Transmitting signals are either coupled as a balanced or unbalanced load. When using a ground as your counterpoise, you're transmitting into a radiating element AGAINST the ground, the transmitting load is UNBALANCED. In the case of balanced loads, you're transmitting against two radiating elements, neither of which is the ground.
Effective transmitting REQUIRES that your radiating element and it's counterpoise have a suitable resonant frequency, bandwidth, and impedance to match your transmitter and feedline. If ANY of those characteristics are incorrect, you'll have a mismatch, which equates to loss... heating on the feedline, antenna, or final amplifier, very high RF voltages (and low currents) appearing where they shouldn't, very high currents (and low voltages) where they shouldn't, and stuff smoking, burning, popping, etc.
In terms of a simple free-air dipole or ground-plane antenna, the counterpoise will have approximately the SAME 'rf length' (Xc/Xl predicate, and don't forget there's air adding capacitance). It is the combination of angle, surface, RF length, etc., that makes a basic 'ground plane' antenna an unbalanced transmit point that is within itself, a balanced load... it is a 'balun' by electromechanical design. The silly thing is... the antenna's counterpoise (in both balanced and unbalanced applications) is most effective at resonance... but in the world of good grounding, resonance is very undesireable- it's counterproductive... you don't want the earth-ground to oscillate, you want it to serve as an absorber.

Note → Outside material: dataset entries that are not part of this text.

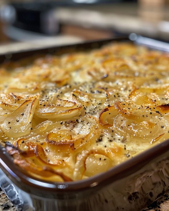 7. Return the dish to the oven and bake for an additional 15-20 minutes, or until the sauce is bubbly and the top of the onions are golden brown.
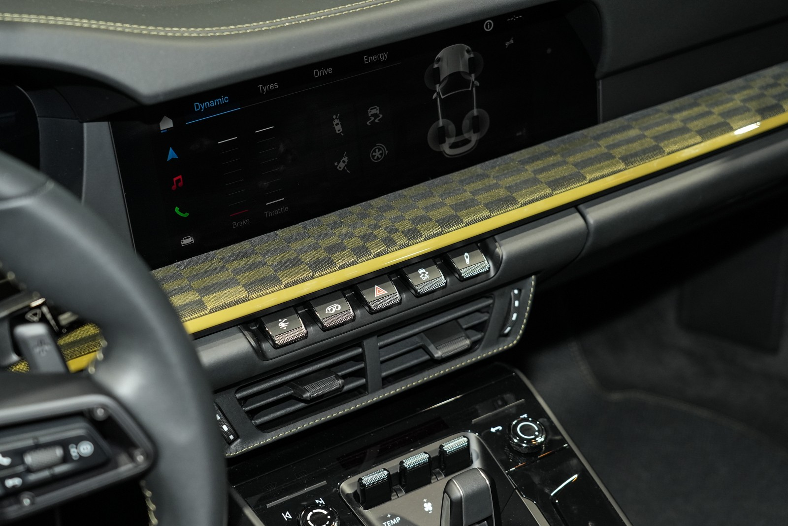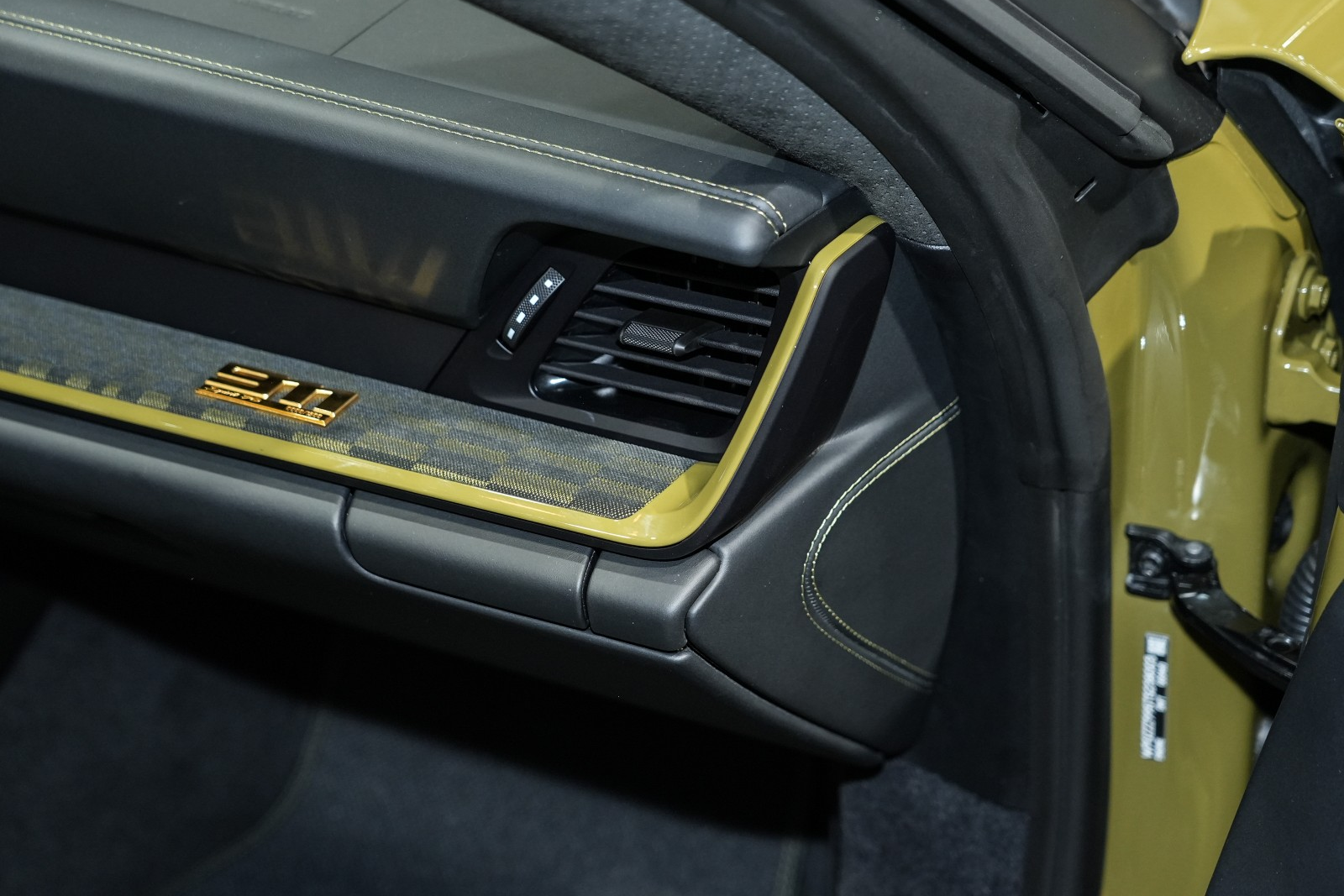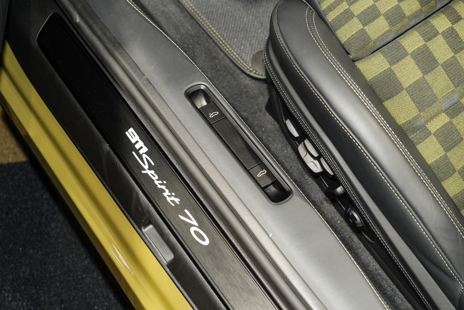 Huy hiệu 911 Spirit 70 cũng xuất hiện tại nhiều vị trí như bảng đồng hồ taplo, bệ ốp cửa... Bảng taplo cũng được trang trí với chất liệu vải caro đặc trưng và số thứ tự của từng xe.
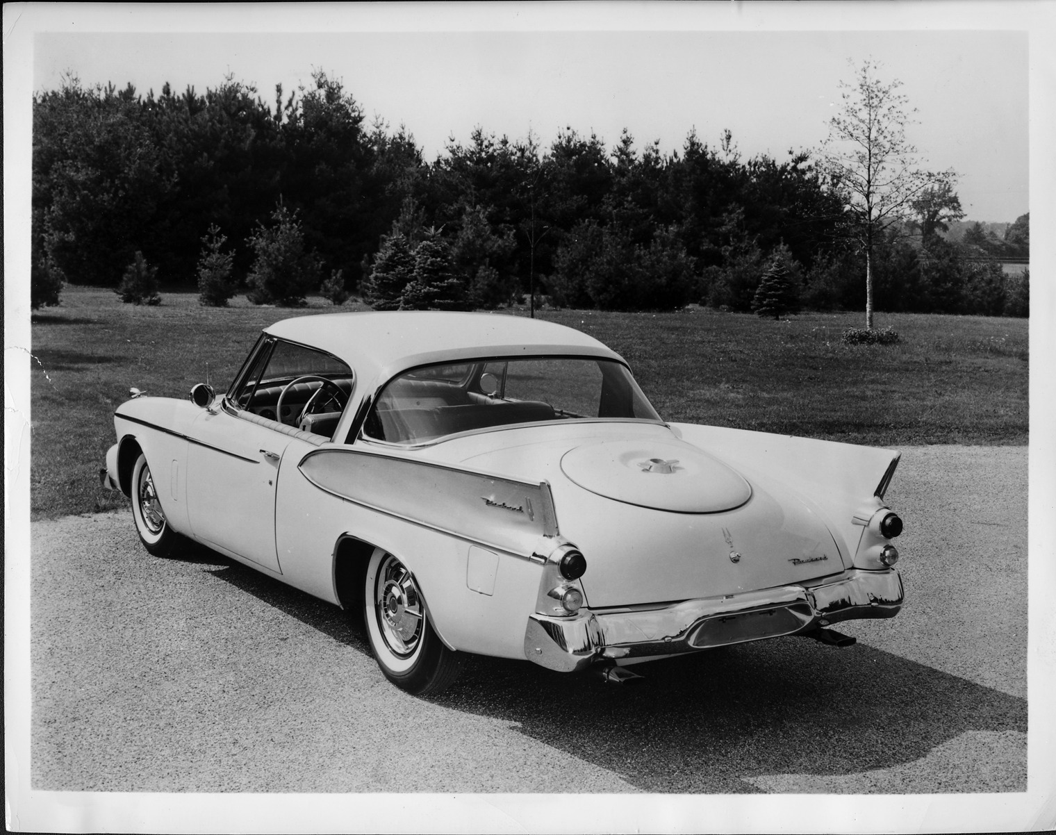 Packard Co. file photograph of a 1958 Packard three-quarter rear view. Photo caption on back from Packard Public Relations Dept.: "1958 Packard Hawk, fifty-eighth series, model 58-L, 8-cylinder, 275-horsepower (289-cubic inch), 120-inch wheelbase, (2-door) 6-person hardtop (body type K-9), V-8 supercharged 289-cubic inch engine generating 275-horsepower with luxury leather interior."
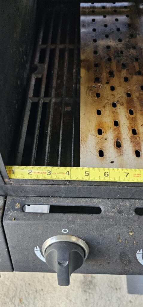 Close . . . For the Oklahoma Long Horn, you will lose a few inches of cooking area. It lacks about 3″-4″ from filling the cooking area. But, I’m hoping it allows me to better use the “more” of the grill by evening out the cooking area. So, I guess I can live with the small size.
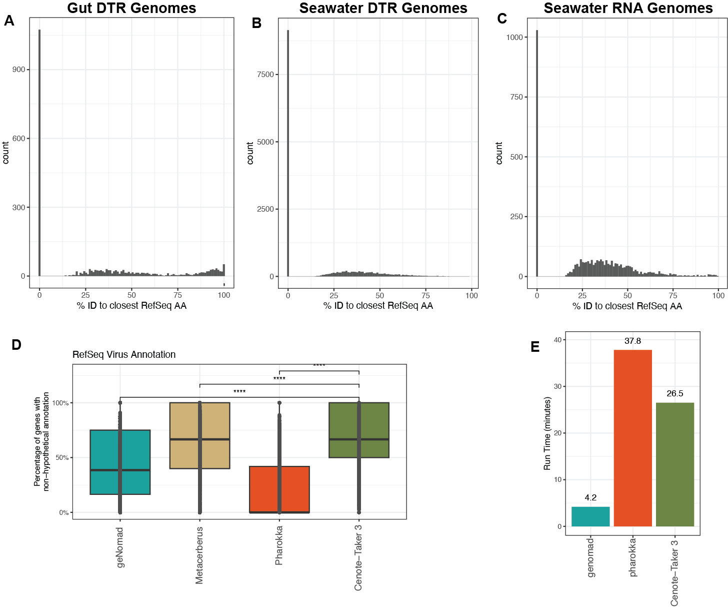 Figure 4 - Additional Annotation Analyses. Translated amino acid sequences were compared to RefSeq Virus amino acid sequences using mmseqs (e-value cutoff 0.01) for (A) Gut DTR Genomes, (B) Seawater DTR Genomes, and (C) Seawater RNA Genomes. (D) RefSeq Virus genomes (n=18,969 contigs) annotated with four different software packages. The y-axis reports annotated (non-hypothetical) genes as a percentage of total genes. (E) Wall Time for Annotating 1,000 UHGV Genomes.
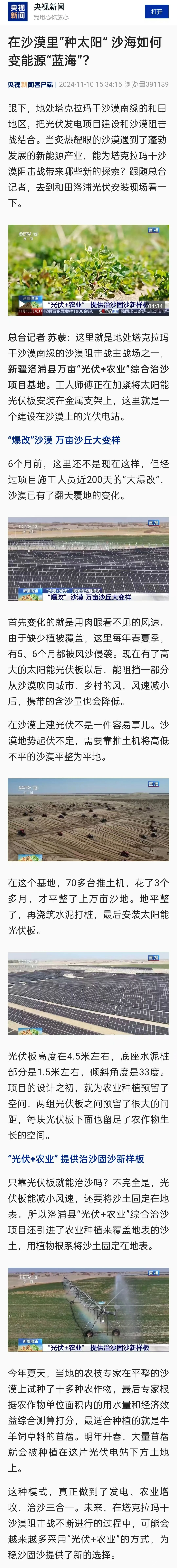 和田地區(qū)位于新疆維吾爾自治區(qū)最南端,總面積24.74萬平方公里,其中山地占33.3%,沙漠戈壁占63%,綠洲僅占3.7%,風沙常年困擾該地區(qū)。而如今,廣袤的沙漠邊緣,曾經(jīng)的不毛之地呈現(xiàn)出一片生機勃勃的景象。光伏治沙項目的推進,不僅讓黃沙漫天的景象得到了有效遏制,更為農(nóng)作物的種植開辟了新天地。

In ANY event, a ground-referenced transmitting system will always be happy to have MORE counterpoise surface than less. Likewise, if you're running multiple bands (my system reaches from 400khz to over 10Ghz), there's never a concern about having too much ground-bonding or counterpoise area. By adding copper to the ground in long strips, all tied together, the resistance of the ground goes down, making it more effective.
Okay, did I break the forum? Everybody okay?